* DIRECTIONS FOR THIS TASK: Where an entry below contains an image, skip the image and reproduce the rest exactly.

* SUPPLIED MATERIAL:
------------------------------------------------------------------------
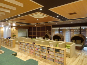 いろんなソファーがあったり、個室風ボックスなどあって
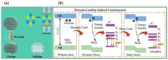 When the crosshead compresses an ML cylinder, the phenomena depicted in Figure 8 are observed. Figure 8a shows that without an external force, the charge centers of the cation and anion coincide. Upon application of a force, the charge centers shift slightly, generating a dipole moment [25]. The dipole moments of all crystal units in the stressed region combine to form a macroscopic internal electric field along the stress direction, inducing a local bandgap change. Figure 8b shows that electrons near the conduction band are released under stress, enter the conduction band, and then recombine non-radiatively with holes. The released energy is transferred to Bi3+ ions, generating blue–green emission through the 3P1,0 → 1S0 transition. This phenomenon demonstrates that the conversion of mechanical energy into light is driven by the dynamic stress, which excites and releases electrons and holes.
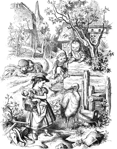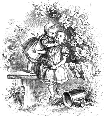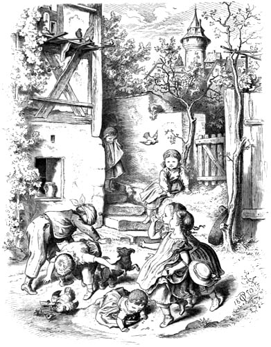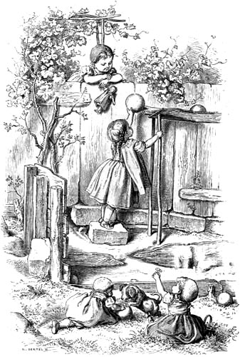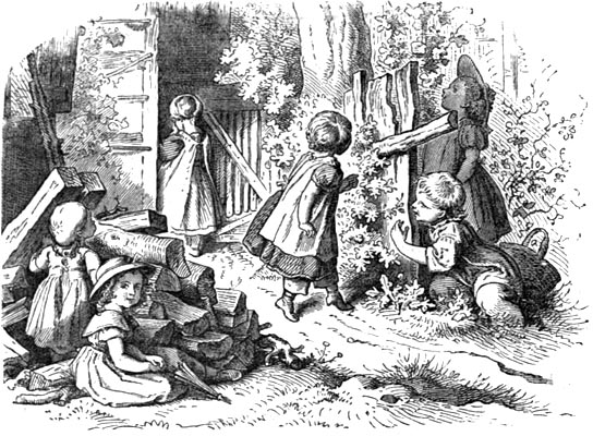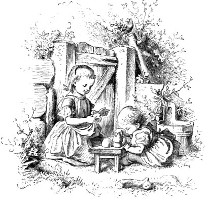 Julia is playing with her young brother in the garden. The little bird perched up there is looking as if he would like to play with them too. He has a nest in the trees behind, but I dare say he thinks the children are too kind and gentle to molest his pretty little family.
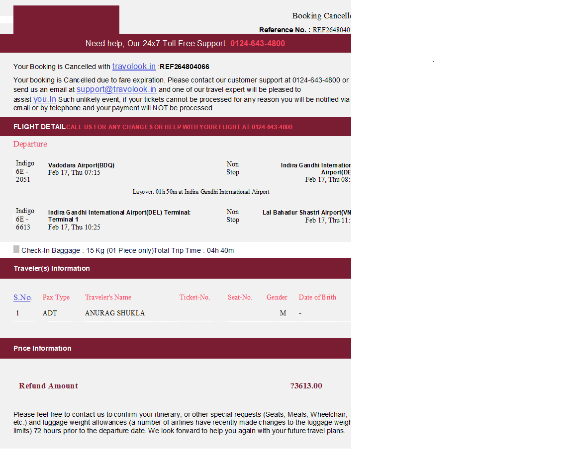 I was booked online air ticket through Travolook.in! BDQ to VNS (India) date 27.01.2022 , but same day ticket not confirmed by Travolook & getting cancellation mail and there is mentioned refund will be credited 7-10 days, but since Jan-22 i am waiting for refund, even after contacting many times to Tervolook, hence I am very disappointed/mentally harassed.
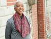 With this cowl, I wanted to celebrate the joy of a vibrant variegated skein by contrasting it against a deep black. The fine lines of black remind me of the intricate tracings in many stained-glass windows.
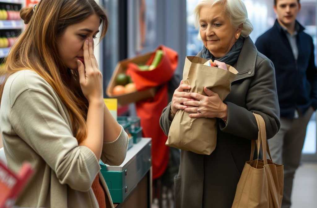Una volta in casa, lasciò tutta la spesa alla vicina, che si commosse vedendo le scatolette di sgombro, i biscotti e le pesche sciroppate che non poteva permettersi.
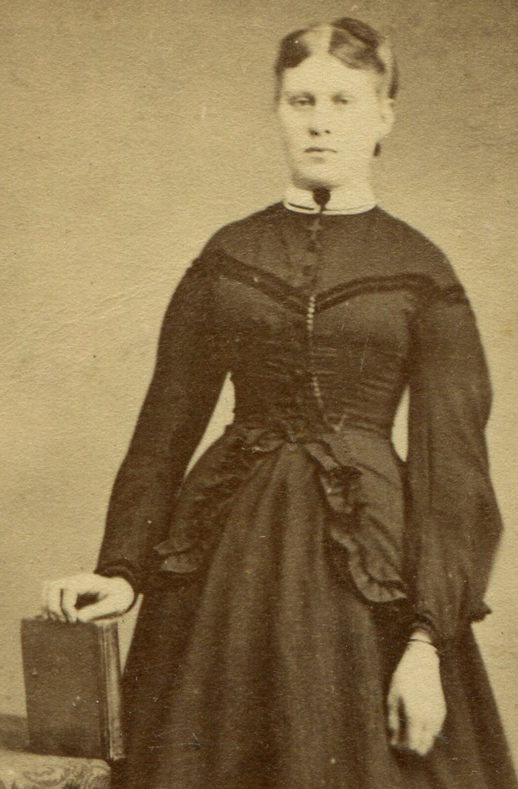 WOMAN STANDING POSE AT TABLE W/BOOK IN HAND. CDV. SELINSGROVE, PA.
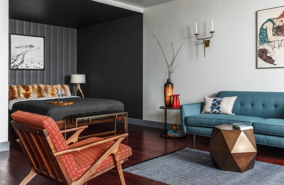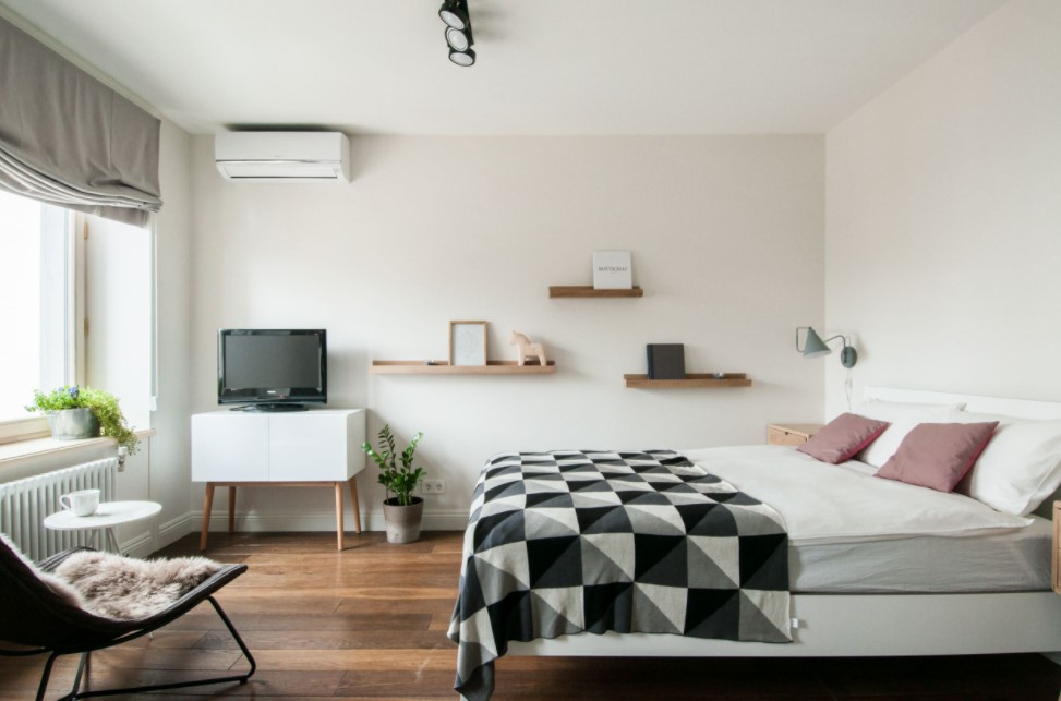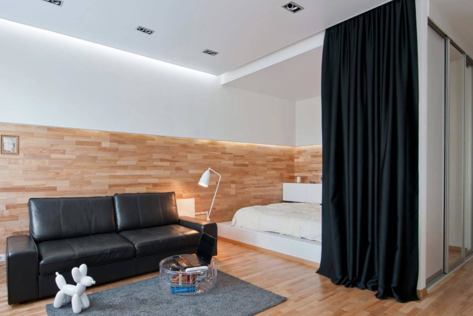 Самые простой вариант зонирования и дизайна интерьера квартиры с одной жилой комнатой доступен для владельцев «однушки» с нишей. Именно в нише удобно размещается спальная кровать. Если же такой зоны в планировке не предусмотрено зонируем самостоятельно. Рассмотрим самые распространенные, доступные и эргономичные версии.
------------------------------------------------------------------------
* RESPONSE AREA:
 いろんなソファーがあったり、個室風ボックスなどあって
 When the crosshead compresses an ML cylinder, the phenomena depicted in Figure 8 are observed. Figure 8a shows that without an external force, the charge centers of the cation and anion coincide. Upon application of a force, the charge centers shift slightly, generating a dipole moment [25]. The dipole moments of all crystal units in the stressed region combine to form a macroscopic internal electric field along the stress direction, inducing a local bandgap change. Figure 8b shows that electrons near the conduction band are released under stress, enter the conduction band, and then recombine non-radiatively with holes. The released energy is transferred to Bi3+ ions, generating blue–green emission through the 3P1,0 → 1S0 transition. This phenomenon demonstrates that the conversion of mechanical energy into light is driven by the dynamic stress, which excites and releases electrons and holes.
 Julia is playing with her young brother in the garden. The little bird perched up there is looking as if he would like to play with them too. He has a nest in the trees behind, but I dare say he thinks the children are too kind and gentle to molest his pretty little family.
 I was booked online air ticket through Travolook.in! BDQ to VNS (India) date 27.01.2022 , but same day ticket not confirmed by Travolook & getting cancellation mail and there is mentioned refund will be credited 7-10 days, but since Jan-22 i am waiting for refund, even after contacting many times to Tervolook, hence I am very disappointed/mentally harassed.
 With this cowl, I wanted to celebrate the joy of a vibrant variegated skein by contrasting it against a deep black. The fine lines of black remind me of the intricate tracings in many stained-glass windows.
Una volta in casa, lasciò tutta la spesa alla vicina, che si commosse vedendo le scatolette di sgombro, i biscotti e le pesche sciroppate che non poteva permettersi.
 WOMAN STANDING POSE AT TABLE W/BOOK IN HAND. CDV. SELINSGROVE, PA.
 Самые простой вариант зонирования и дизайна интерьера квартиры с одной жилой комнатой доступен для владельцев «однушки» с нишей. Именно в нише удобно размещается спальная кровать. Если же такой зоны в планировке не предусмотрено зонируем самостоятельно. Рассмотрим самые распространенные, доступные и эргономичные версии.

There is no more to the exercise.